Data section.
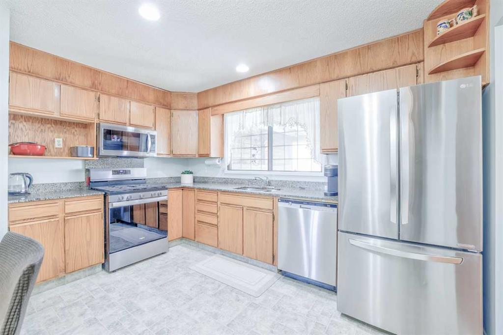 Pride of ownership is evident throughout this custom-built home, where thoughtful design and meticulous care create a welcoming and highly functional sanctuary. An inviting main level centres around a full-height brick fireplace that anchors the living space while oversized windows draw in natural light throughout the day, enhancing both comfort and ambiance. Gleaming upgraded vinyl flooring adds durability and style underfoot, making everyday living both practical and polished. The seamless flow continues into the dining area where French doors extend living outdoors to a covered deck, supporting year-round enjoyment and easy entertaining. A well-designed kitchen features granite countertops, top-of-the-line stainless steel appliances including a Whirlpool gas stove, a window above the sink and space for casual dining, offering both efficiency and connection to the surrounding spaces. The upper level is thoughtfully arranged with a primary bedroom that includes its own private powder room for added convenience, complemented by 2 additional bedrooms and a 4-piece bathroom to support family living. Extra windows stream natural light into the lower level where a spacious rec room invites movie nights, games or flexible daily use, complemented by a 3-piece bathroom. A separate entrance through the garage introduces excellent potential for future development/ Illegal suite or multi-generational living as well as potential for another entrance door to be installed along the North wall. Further flexibility continues in the basement where a bedroom and den provide extra space for guests, a home office or hobbies. Outdoor living is equally well considered with a covered deck that extends seasonal use and a large fenced yard delivers tons of room for children and pets to play. An oversized double attached garage is paired with RV parking and a rear driveway, providing exceptional parking and storage options rarely found at this price point. Mechanical updates including a furnace replaced 5 years ago and a water heater replaced 3 years ago contribute to long-term peace of mind. This phenomenal location adds everyday convenience within walking distance to Guy Weadick School, Annie Foote School and Lester B. Pearson High School, along with an easy walk to the community centre, sports courts, ice rink, exercise park, regional bike pathways and the popular Village Square Leisure Centre, supporting an active and connected lifestyle. Truly an exceptional location for this move-in ready home.
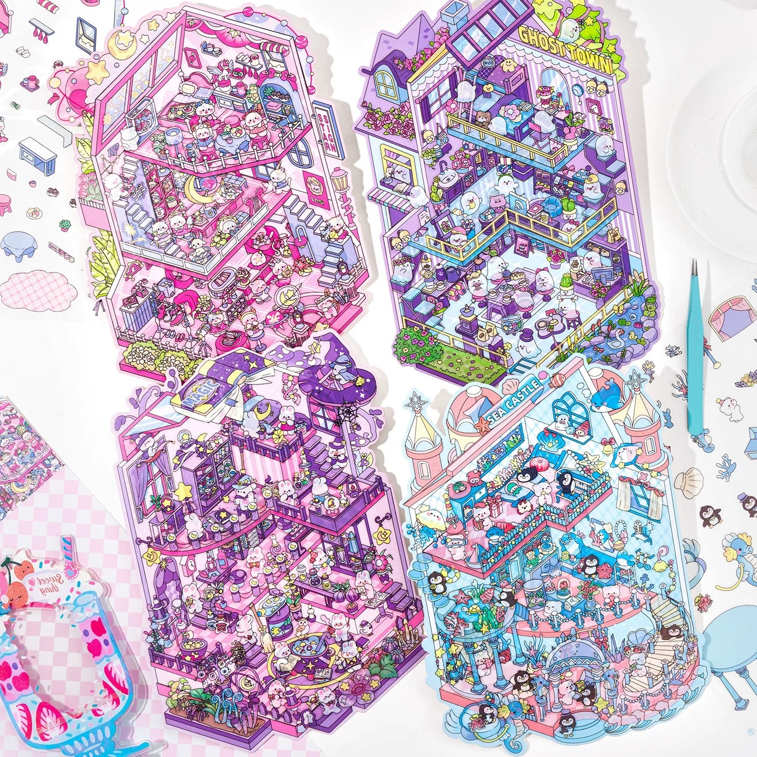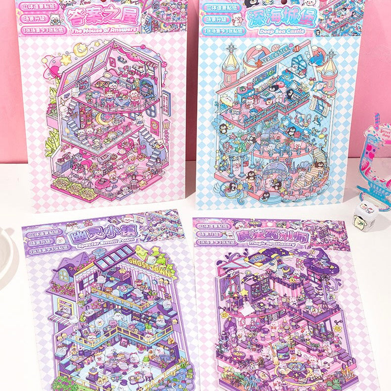 MiniVerse Mansion 3D Sticker | 4 Cute Miniature Scenes
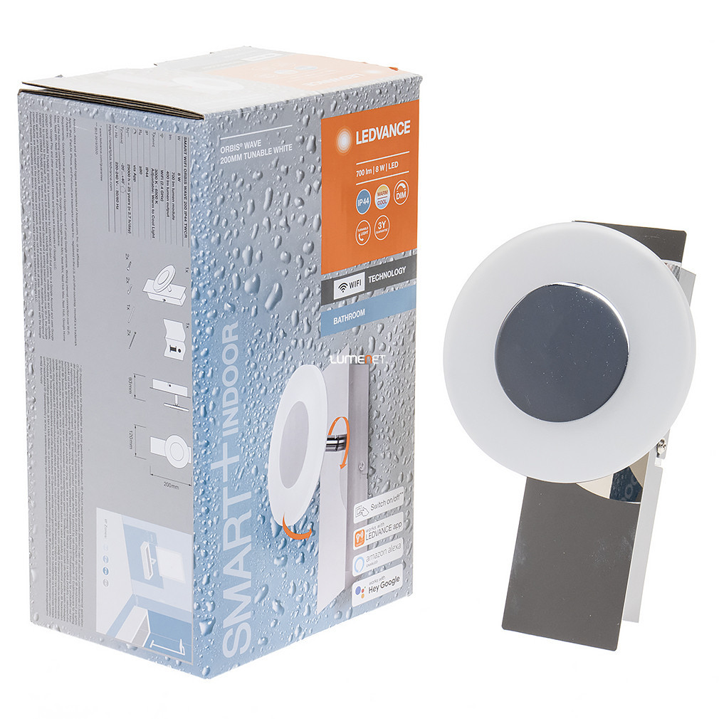 Lampa LED inteligentă Ledvance Smart+ WIFI (Orbis Wall Wave) are o putere de 8 W și un flux luminos de 700 lumeni, oferind o iluminare eficientă în băi. Lampa poate fi comutată între lumină albă rece și caldă, cu o temperatură de culoare între 3000 și 6500 Kelvin, care poate fi controlată prin intermediul unei aplicații sau al asistenței vocale Google Assistant sau Amazon Alexa. Produsul are protecție IP44, fiind rezistent la stropire, și rezistență la impact IK03. Modulul LED încorporat oferă o durată de viață lungă de până la 30.000 de ore și o eficiență luminoasă de 50 lm/W. Corp de iluminat este de culoare cromată și are dimensiunile de 200 mm lungime, 120 mm lățime și 93 mm înălțime. Lampa cântărește 0,55 kg, iar dimensiunile ambalajului sunt de 15x11x26 cm. Produsul este fabricat de Ledvance și include sursa de lumină.
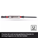 • 1 magnetic bit holder 60 mm , with E 6.3 shank and stainless steel sleeve, which ensures a firm and precise hold of the bits during work.
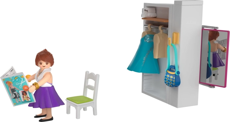 Sættet er ideelt til små stylister og designere. Takket være de detaljerede tilbehør – fra symaskinen over strygebræt med strygejern til garderobeskab med bøjler – træner børn finmotorik, kreativitet og sans for at kombinere outfits. Figuren kan let poseres og prøve nye modekreationer ved hjælp af spejlet.
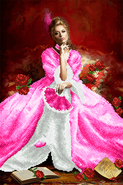 Схема для вышивания бисером Королева бала ТМ А-строчка выполнена из плотного атласа с нанесением яркой полноцветной печати высококачественными красками и содержит инструкцию.
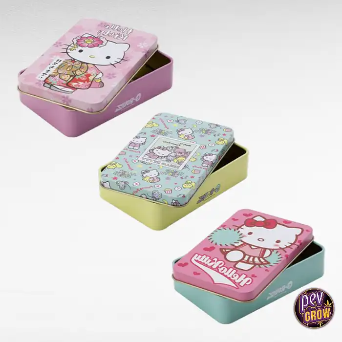 Cajita Metal Hello Kitty (13.5x8.5x3 cm): almacenaje con estilo y funcionalidad. Resistente, con 3 diseños distintos exclusivos de Hello Kitty. Perfecta para guardar flores de CBD o las hierbas que prefieras.
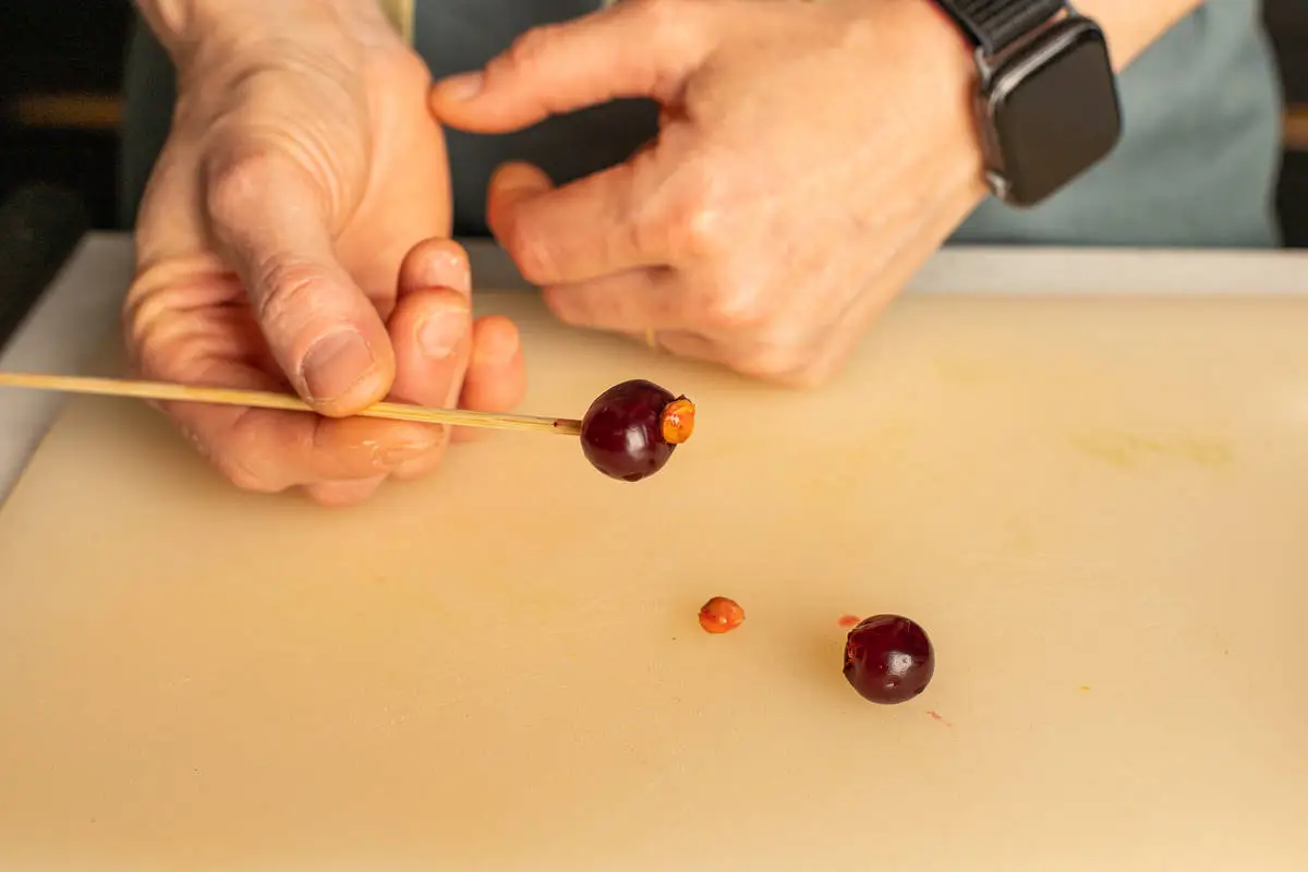Из вишни удалите косточки: это можно сделать специальным приспособлением или обычной деревянной шпажкой, просто выдавив косточку острым концом. Этот шаг можно пропустить и сварить вишню прямо с косточками, но такой компот нельзя хранить дольше года.

Your task. Go through the data and return every word of it verbatim, leaving out the pictures.

Final answer.
 Pride of ownership is evident throughout this custom-built home, where thoughtful design and meticulous care create a welcoming and highly functional sanctuary. An inviting main level centres around a full-height brick fireplace that anchors the living space while oversized windows draw in natural light throughout the day, enhancing both comfort and ambiance. Gleaming upgraded vinyl flooring adds durability and style underfoot, making everyday living both practical and polished. The seamless flow continues into the dining area where French doors extend living outdoors to a covered deck, supporting year-round enjoyment and easy entertaining. A well-designed kitchen features granite countertops, top-of-the-line stainless steel appliances including a Whirlpool gas stove, a window above the sink and space for casual dining, offering both efficiency and connection to the surrounding spaces. The upper level is thoughtfully arranged with a primary bedroom that includes its own private powder room for added convenience, complemented by 2 additional bedrooms and a 4-piece bathroom to support family living. Extra windows stream natural light into the lower level where a spacious rec room invites movie nights, games or flexible daily use, complemented by a 3-piece bathroom. A separate entrance through the garage introduces excellent potential for future development/ Illegal suite or multi-generational living as well as potential for another entrance door to be installed along the North wall. Further flexibility continues in the basement where a bedroom and den provide extra space for guests, a home office or hobbies. Outdoor living is equally well considered with a covered deck that extends seasonal use and a large fenced yard delivers tons of room for children and pets to play. An oversized double attached garage is paired with RV parking and a rear driveway, providing exceptional parking and storage options rarely found at this price point. Mechanical updates including a furnace replaced 5 years ago and a water heater replaced 3 years ago contribute to long-term peace of mind. This phenomenal location adds everyday convenience within walking distance to Guy Weadick School, Annie Foote School and Lester B. Pearson High School, along with an easy walk to the community centre, sports courts, ice rink, exercise park, regional bike pathways and the popular Village Square Leisure Centre, supporting an active and connected lifestyle. Truly an exceptional location for this move-in ready home.
 MiniVerse Mansion 3D Sticker | 4 Cute Miniature Scenes
 Lampa LED inteligentă Ledvance Smart+ WIFI (Orbis Wall Wave) are o putere de 8 W și un flux luminos de 700 lumeni, oferind o iluminare eficientă în băi. Lampa poate fi comutată între lumină albă rece și caldă, cu o temperatură de culoare între 3000 și 6500 Kelvin, care poate fi controlată prin intermediul unei aplicații sau al asistenței vocale Google Assistant sau Amazon Alexa. Produsul are protecție IP44, fiind rezistent la stropire, și rezistență la impact IK03. Modulul LED încorporat oferă o durată de viață lungă de până la 30.000 de ore și o eficiență luminoasă de 50 lm/W. Corp de iluminat este de culoare cromată și are dimensiunile de 200 mm lungime, 120 mm lățime și 93 mm înălțime. Lampa cântărește 0,55 kg, iar dimensiunile ambalajului sunt de 15x11x26 cm. Produsul este fabricat de Ledvance și include sursa de lumină.
 • 1 magnetic bit holder 60 mm , with E 6.3 shank and stainless steel sleeve, which ensures a firm and precise hold of the bits during work.
 Sættet er ideelt til små stylister og designere. Takket være de detaljerede tilbehør – fra symaskinen over strygebræt med strygejern til garderobeskab med bøjler – træner børn finmotorik, kreativitet og sans for at kombinere outfits. Figuren kan let poseres og prøve nye modekreationer ved hjælp af spejlet.
 Схема для вышивания бисером Королева бала ТМ А-строчка выполнена из плотного атласа с нанесением яркой полноцветной печати высококачественными красками и содержит инструкцию.
 Cajita Metal Hello Kitty (13.5x8.5x3 cm): almacenaje con estilo y funcionalidad. Resistente, con 3 diseños distintos exclusivos de Hello Kitty. Perfecta para guardar flores de CBD o las hierbas que prefieras.
Из вишни удалите косточки: это можно сделать специальным приспособлением или обычной деревянной шпажкой, просто выдавив косточку острым концом. Этот шаг можно пропустить и сварить вишню прямо с косточками, но такой компот нельзя хранить дольше года.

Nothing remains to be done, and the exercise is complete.